RECORDS SUPPLIED:
────
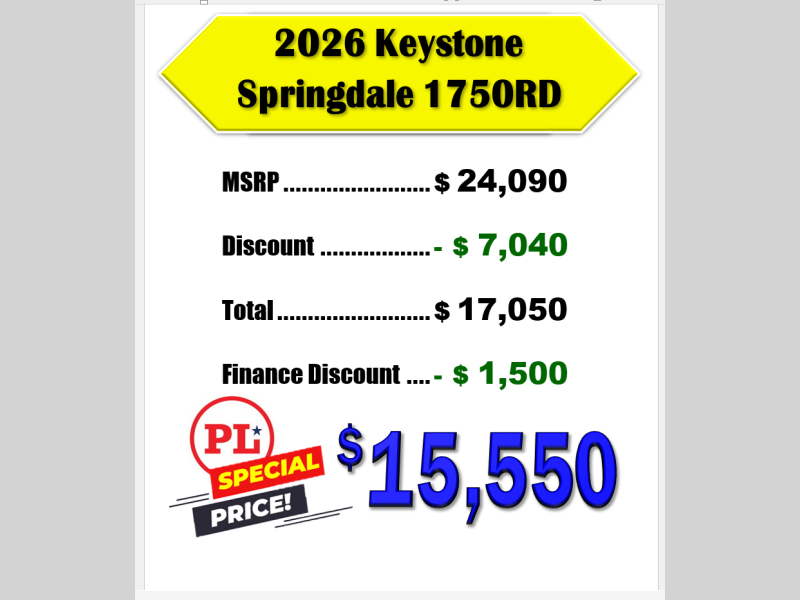 New 2026 Keystone RV Springdale Mini 1750RD Travel Trailer
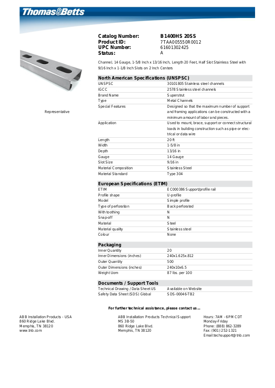 Channel, 14 Gauge, 1-5/8 Inch x 13/16 Inch, Length 20 Feet, Half Slot Stainless Steel with
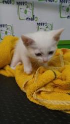 Blanquito es un gatito precioso que apareció en las puertas de un comercio de Rute. Estaba aterrado y sus alaridos llamaron la atención de los viandantes. Fue rescatado y le dieron un buen baño. Lo que era un gato gris y sucio, terminó siendo este pequeño ángel que afortunadamente encontró muy rápido un hogar. Sólo fueron horas las que pasó en la protectora.
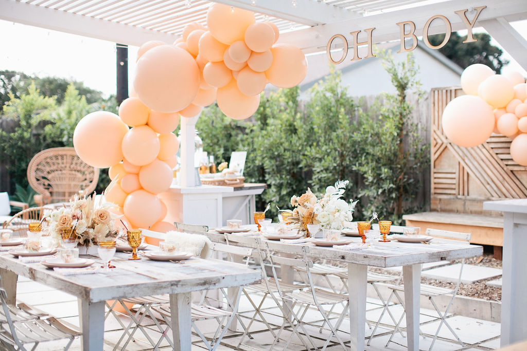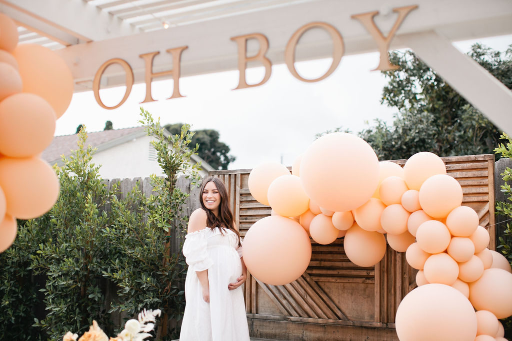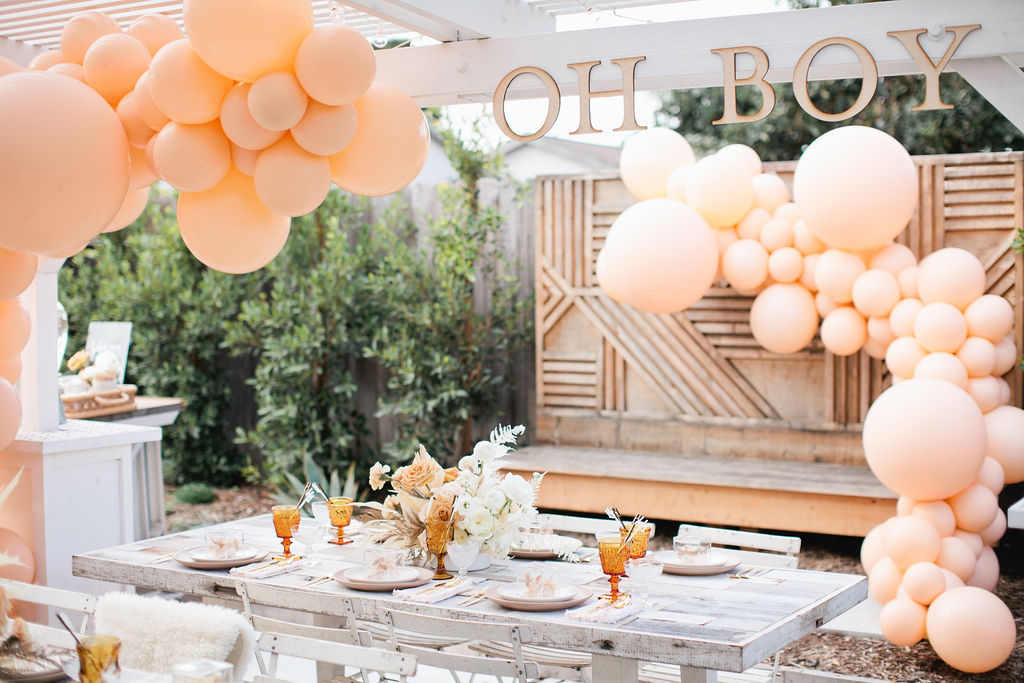 My backyard was decked out with cream toned balloons by The Pop Shop. I was blown away by how pretty it looked!! I love the impact a single color has!! The “Oh Boy” signage is so cute too, again by Poppy Jack!
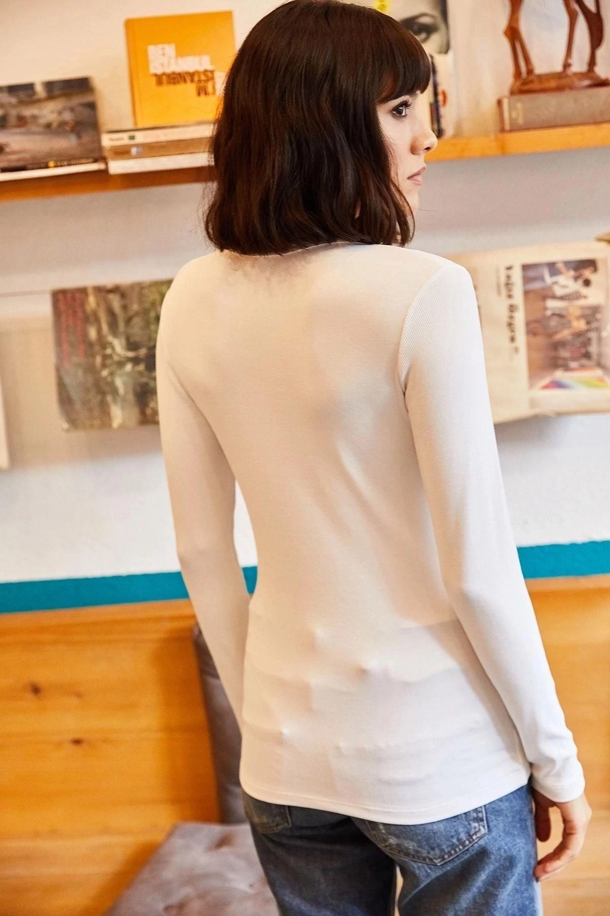 Kadın Ekru Yuvarlak Yaka Uzun Kol Düğme Detaylı Regular Kesim Standart Boy Bluz
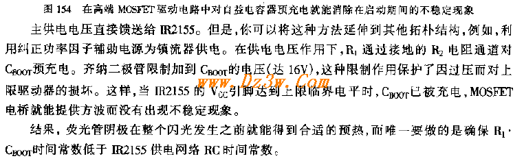 在高端MOSFET驱动电路中,当使用一只高压电桥驱动器时,如IR2110或较新型的IR2155 .完整的驱动电路在加上电压时就会出现不稳定的现象。电容器上,就是说,这种电容器在加上电压时会产生放电。这样主要问题出在自益,飘动的电压无法实现其驱动高端 MOSFET的主要功能。这种电路需要少量变换以便对自益电容器进行迅速充电,以允许其对上限驱动器供电。
────
EXERCISE: Could you set down exactly, and only, the lines from the line containing "Blanquito es un" through the last line of the records, both included, without the pictures?

SOLUTION FOR THIS TASK:
 Blanquito es un gatito precioso que apareció en las puertas de un comercio de Rute. Estaba aterrado y sus alaridos llamaron la atención de los viandantes. Fue rescatado y le dieron un buen baño. Lo que era un gato gris y sucio, terminó siendo este pequeño ángel que afortunadamente encontró muy rápido un hogar. Sólo fueron horas las que pasó en la protectora.
 My backyard was decked out with cream toned balloons by The Pop Shop. I was blown away by how pretty it looked!! I love the impact a single color has!! The “Oh Boy” signage is so cute too, again by Poppy Jack!
 Kadın Ekru Yuvarlak Yaka Uzun Kol Düğme Detaylı Regular Kesim Standart Boy Bluz
 在高端MOSFET驱动电路中,当使用一只高压电桥驱动器时,如IR2110或较新型的IR2155 .完整的驱动电路在加上电压时就会出现不稳定的现象。电容器上,就是说,这种电容器在加上电压时会产生放电。这样主要问题出在自益,飘动的电压无法实现其驱动高端 MOSFET的主要功能。这种电路需要少量变换以便对自益电容器进行迅速充电,以允许其对上限驱动器供电。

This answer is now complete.